### Exercise aim
All the lines below need to be transcribed exactly. Pictures get left out.

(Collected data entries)
━━━━━━━━━━━━━━━━

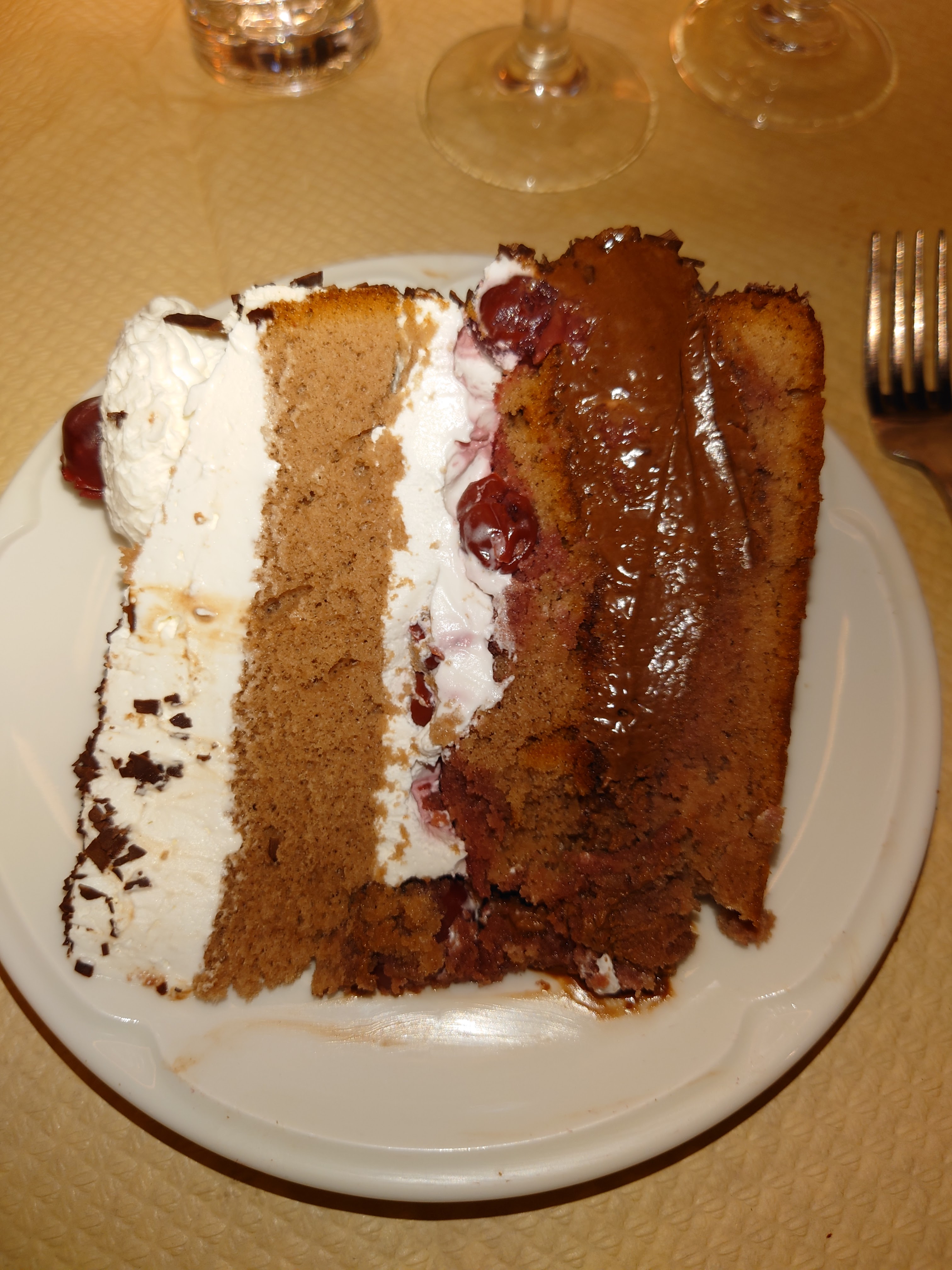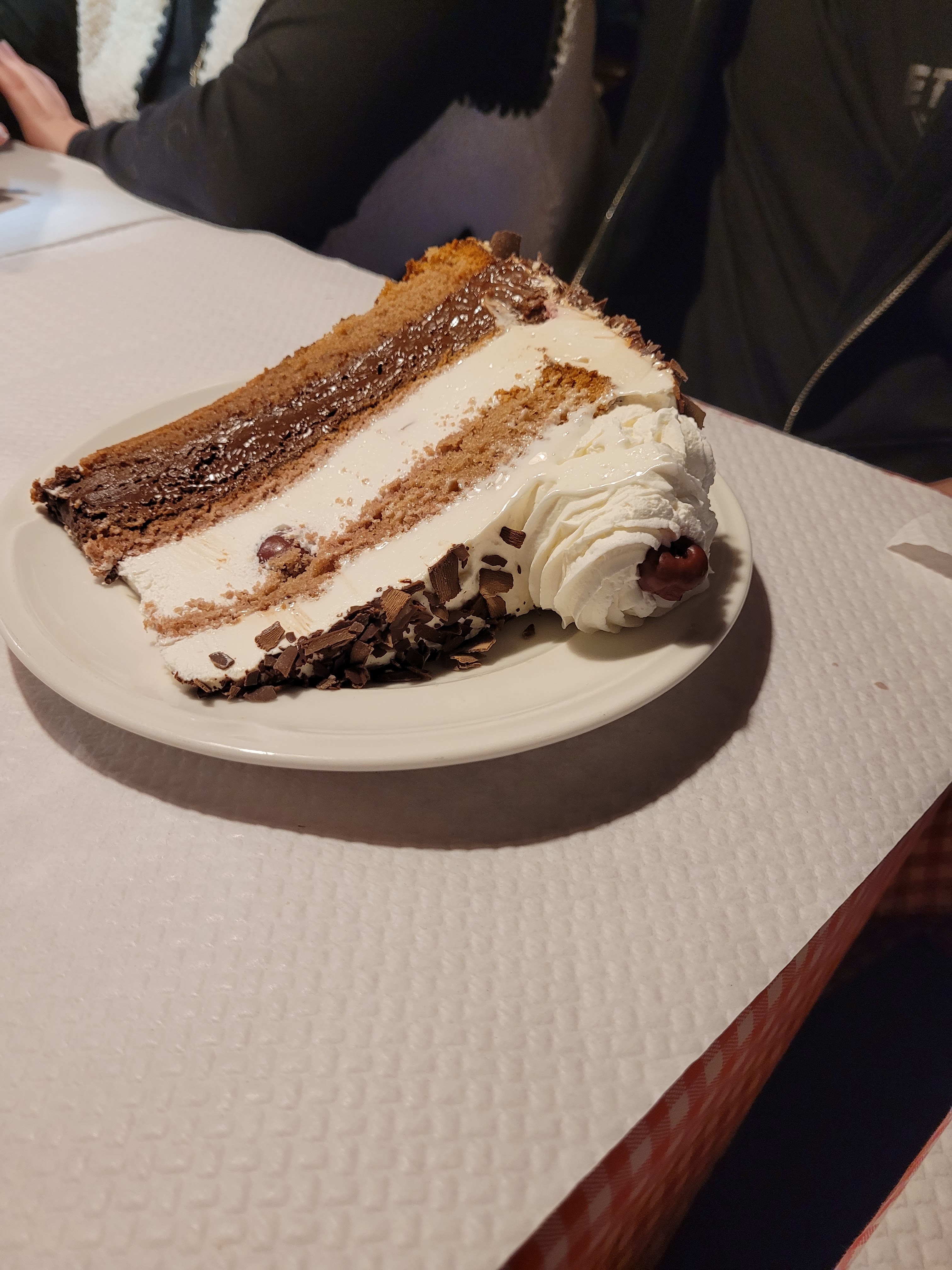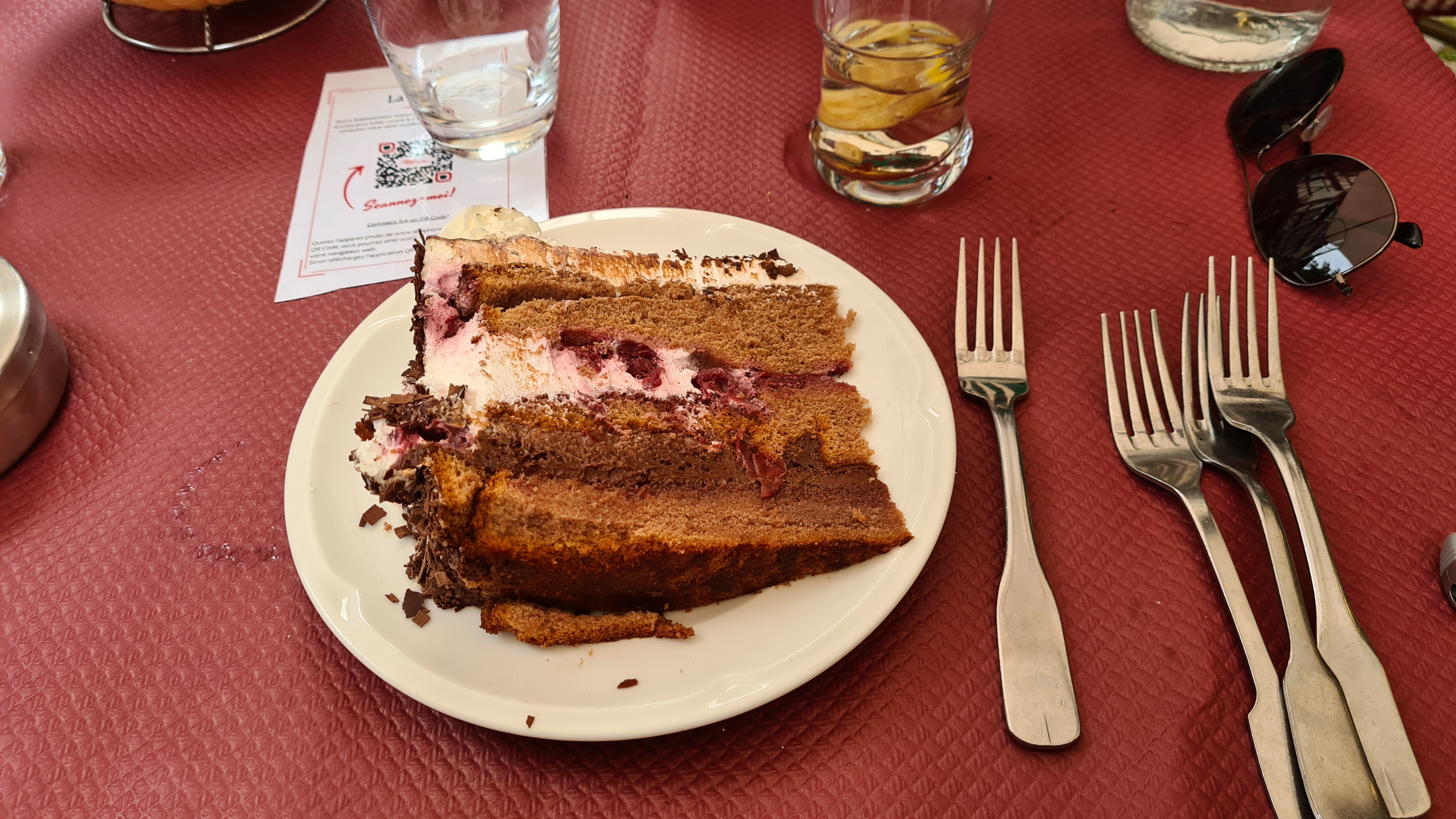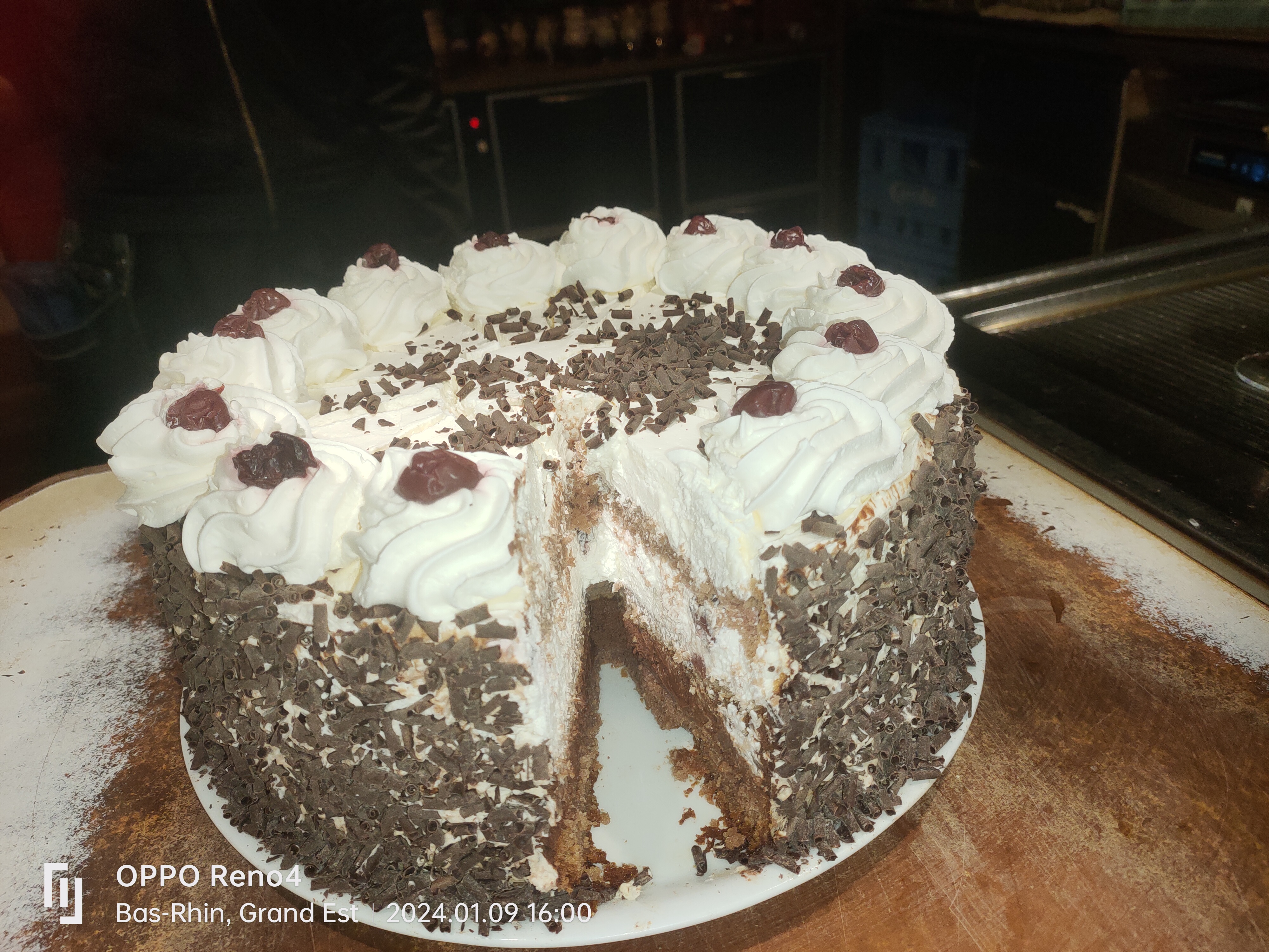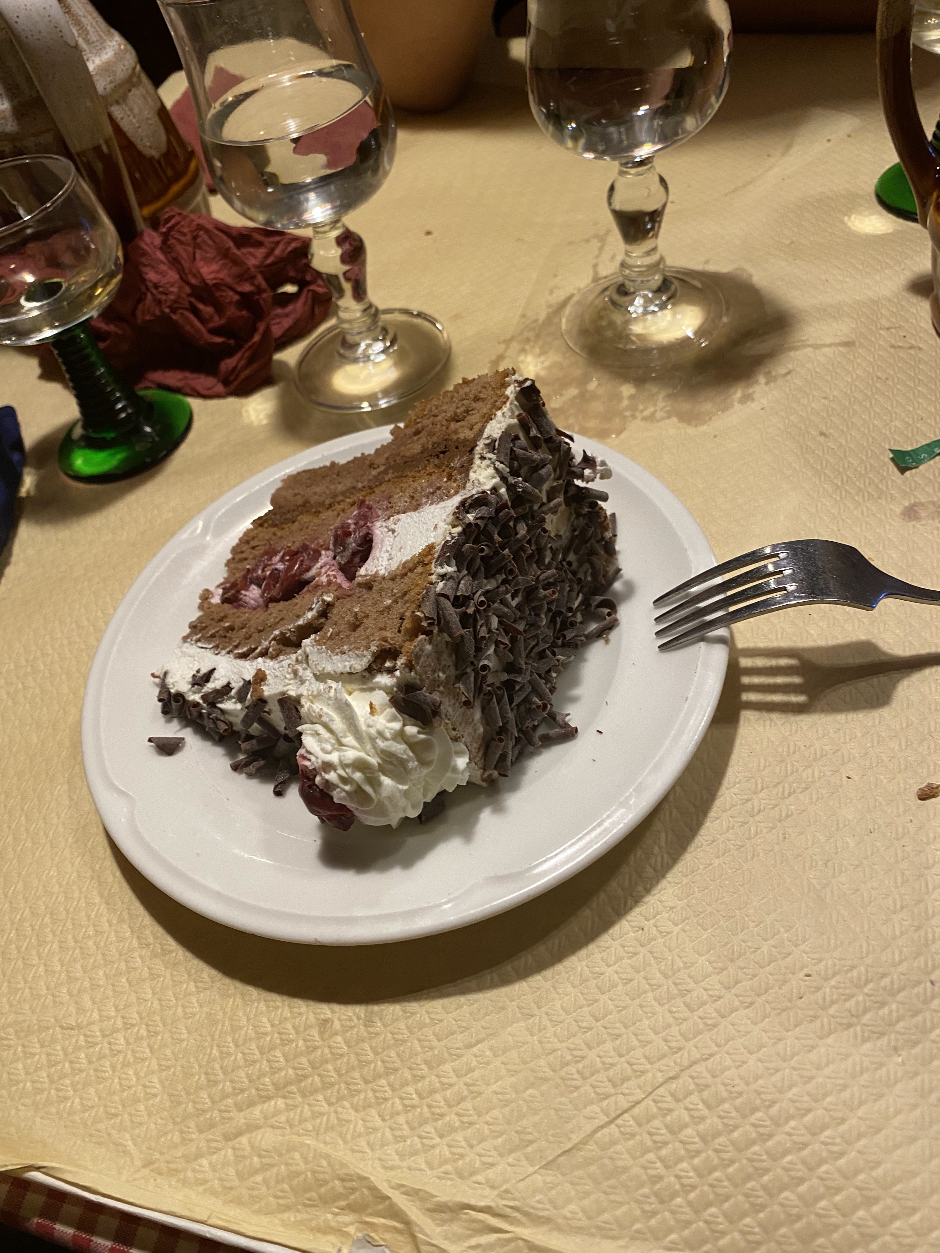 Olalala ça c’est un restaurant ! J’ai pris que le dessert en photo tellement que j’étais absorbé par les plats et comme on peut le voir c’est un part de forêt noire. Les prix sont cohérents au vu de l’emplacement, de la qualité et de la quantité. Une vraie forêt noire, classique mais si bonne. Je recommande cet établissement si vous voulez manger des bons plats traditionnels alsaciens !
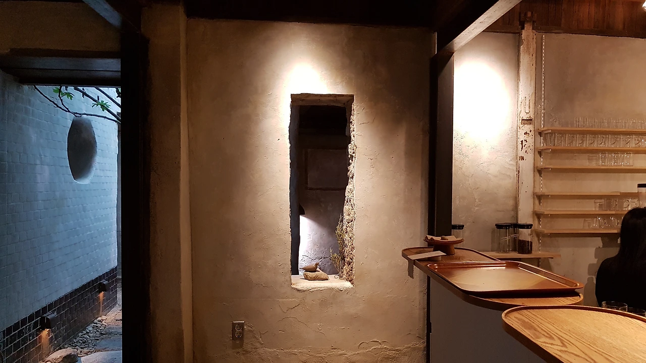 공간 내 특이한 구조차 마시는 과정을 보는 것도 좋았지만 공간 내에 천장에 뚫린 원 모양 구조도 재밌었다. 햇볕이 드는 날은 빛이 들어와 방 바닥면에 달이 뜨는 모습을 연출한다고 한다. 이 날은 날이 흐려 보지 못했지만 작은 공간 안에 하늘과 달을 녹여낸 아이디어가 감성적이다.
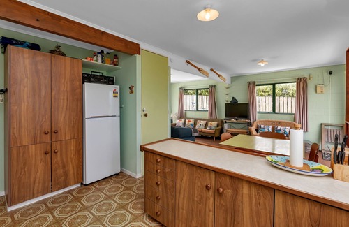 Wake up to the morning sun on the spacious deck while savouring your first cuppa, surrounded by the beauty of Kiwi paradise. complete with lovely views over Doubtless Bay and Puheke Mount, you'll be witness to amazing sunsets. The large lawn is perfect for games and adds to the charm of this coastal retreat.
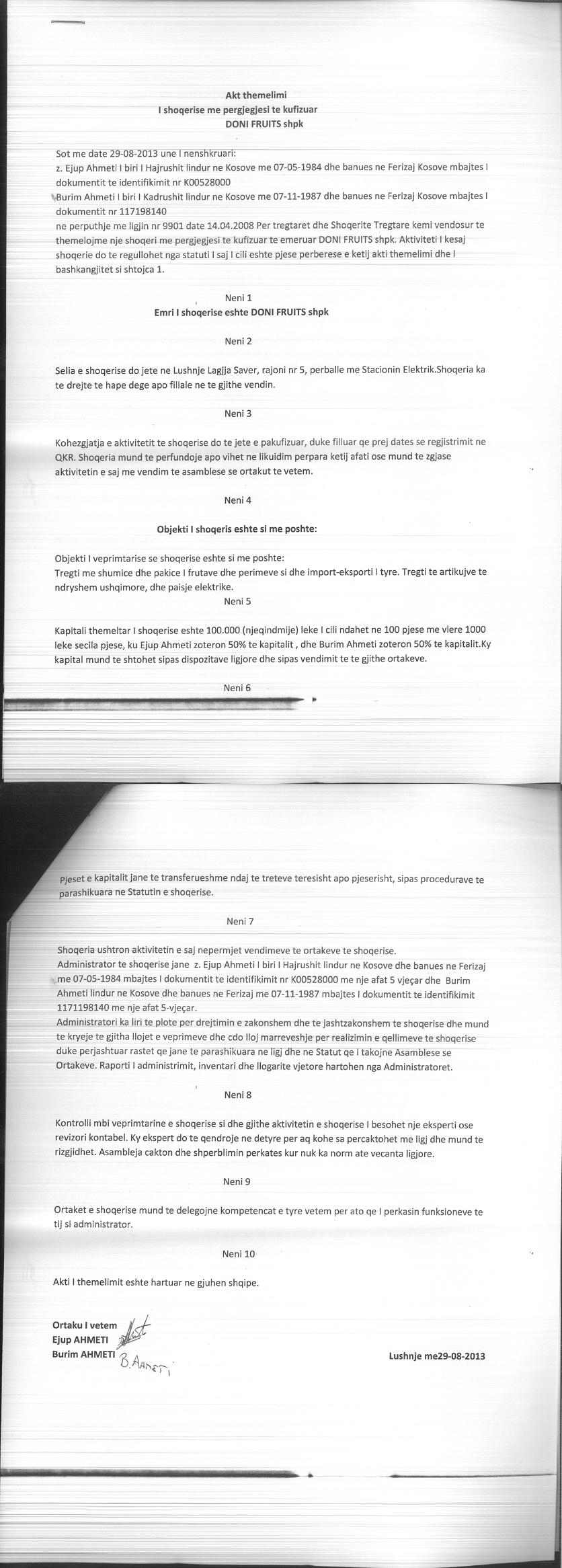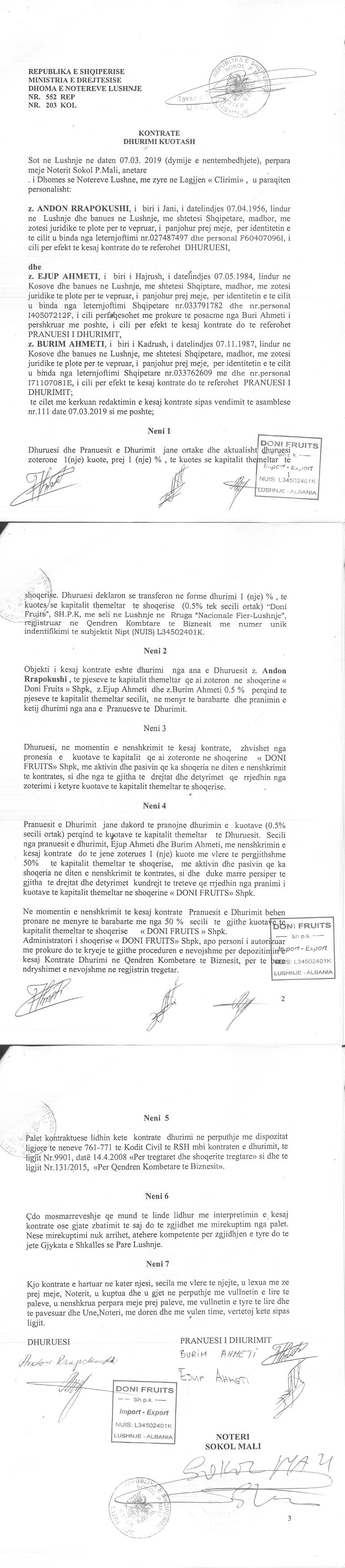 → Ekstrakt Historik i Regjistrit Tregtar date 06.10.2023 → Akt themelimi i Shoqerise → Marrëveshje Siguruese datë 17.11.2017 → Marrëveshje Siguruese datë 12.12.2019 → Marrëveshje Siguruese datë 14.01.2021 → Marrëveshje Siguruese datë 04.10.2021 → Marrëveshje Siguruese datë 26.11.2021 → Marrëveshje Siguruese datë 17.05.2023 → Kontratë Dhurimi datë 28.03.2018 → Kontratë Dhurimi datë 07.03.2019 → Vendim i Asamblesë së Ortakëve, Ndryshimi i Shtetësisë së Ortakëve të Shoqërisë datë 18.03.2019 → Urdhër për Vënien e Sekuestros datë 26.04.2021 → Urdhër për Heqjen e Sekuestros datë 19.05.2021 → Pasqyra e te ardhurave dhe shpenzimeve 2018 → Ekstrakt Historik i Regjistrit Tregtar date 17.04.2024 → Urdhër për Vënien e Sekuestros datë 09.10.2023 → Urdhër për Heqjen e Sekuestros datë 01.12.2023 → Vendim i Asamblesë së Ortakëve, Zmadhim Kapitali datë 06.11.2023 → Kontratë për Shitjen e Kuotës datë 18.12.2023 → Vendim i Asamblesë së Përgjithshme, Zmadhim Kapitali datë 29.01.2024 → Të dhënat e Investimit, Financimet Nga IPARD - Aksesuar nga Agjencia për Zhvillim Bujqësor dhe Rural AZHBR datë 17.04.2024 → Ekstrakt historik i regjistrit tregtar date 11.10.2025 → Ekstrakt i regjistrit te pronareve perfitues date 11.10.2025 |
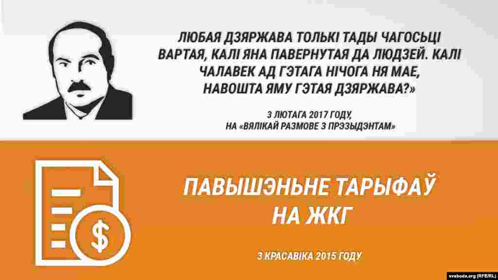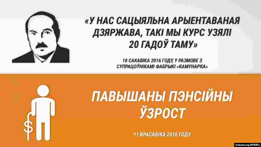 Беларусь — сацыяльная дзяржава, напісана ў Канстытуцыі краіны. Свабода сабрала выказваньні Аляксандра Лукашэнкі, якія па часе прыкладна супалі з увядзеньнем непапулярных зьменаў у сацыяльнай палітыцы.

━━━━━━━━━━━━━━━━

### Task response
 Olalala ça c’est un restaurant ! J’ai pris que le dessert en photo tellement que j’étais absorbé par les plats et comme on peut le voir c’est un part de forêt noire. Les prix sont cohérents au vu de l’emplacement, de la qualité et de la quantité. Une vraie forêt noire, classique mais si bonne. Je recommande cet établissement si vous voulez manger des bons plats traditionnels alsaciens !
 공간 내 특이한 구조차 마시는 과정을 보는 것도 좋았지만 공간 내에 천장에 뚫린 원 모양 구조도 재밌었다. 햇볕이 드는 날은 빛이 들어와 방 바닥면에 달이 뜨는 모습을 연출한다고 한다. 이 날은 날이 흐려 보지 못했지만 작은 공간 안에 하늘과 달을 녹여낸 아이디어가 감성적이다.
 Wake up to the morning sun on the spacious deck while savouring your first cuppa, surrounded by the beauty of Kiwi paradise. complete with lovely views over Doubtless Bay and Puheke Mount, you'll be witness to amazing sunsets. The large lawn is perfect for games and adds to the charm of this coastal retreat.
 → Ekstrakt Historik i Regjistrit Tregtar date 06.10.2023 → Akt themelimi i Shoqerise → Marrëveshje Siguruese datë 17.11.2017 → Marrëveshje Siguruese datë 12.12.2019 → Marrëveshje Siguruese datë 14.01.2021 → Marrëveshje Siguruese datë 04.10.2021 → Marrëveshje Siguruese datë 26.11.2021 → Marrëveshje Siguruese datë 17.05.2023 → Kontratë Dhurimi datë 28.03.2018 → Kontratë Dhurimi datë 07.03.2019 → Vendim i Asamblesë së Ortakëve, Ndryshimi i Shtetësisë së Ortakëve të Shoqërisë datë 18.03.2019 → Urdhër për Vënien e Sekuestros datë 26.04.2021 → Urdhër për Heqjen e Sekuestros datë 19.05.2021 → Pasqyra e te ardhurave dhe shpenzimeve 2018 → Ekstrakt Historik i Regjistrit Tregtar date 17.04.2024 → Urdhër për Vënien e Sekuestros datë 09.10.2023 → Urdhër për Heqjen e Sekuestros datë 01.12.2023 → Vendim i Asamblesë së Ortakëve, Zmadhim Kapitali datë 06.11.2023 → Kontratë për Shitjen e Kuotës datë 18.12.2023 → Vendim i Asamblesë së Përgjithshme, Zmadhim Kapitali datë 29.01.2024 → Të dhënat e Investimit, Financimet Nga IPARD - Aksesuar nga Agjencia për Zhvillim Bujqësor dhe Rural AZHBR datë 17.04.2024 → Ekstrakt historik i regjistrit tregtar date 11.10.2025 → Ekstrakt i regjistrit te pronareve perfitues date 11.10.2025 |
 Беларусь — сацыяльная дзяржава, напісана ў Канстытуцыі краіны. Свабода сабрала выказваньні Аляксандра Лукашэнкі, якія па часе прыкладна супалі з увядзеньнем непапулярных зьменаў у сацыяльнай палітыцы.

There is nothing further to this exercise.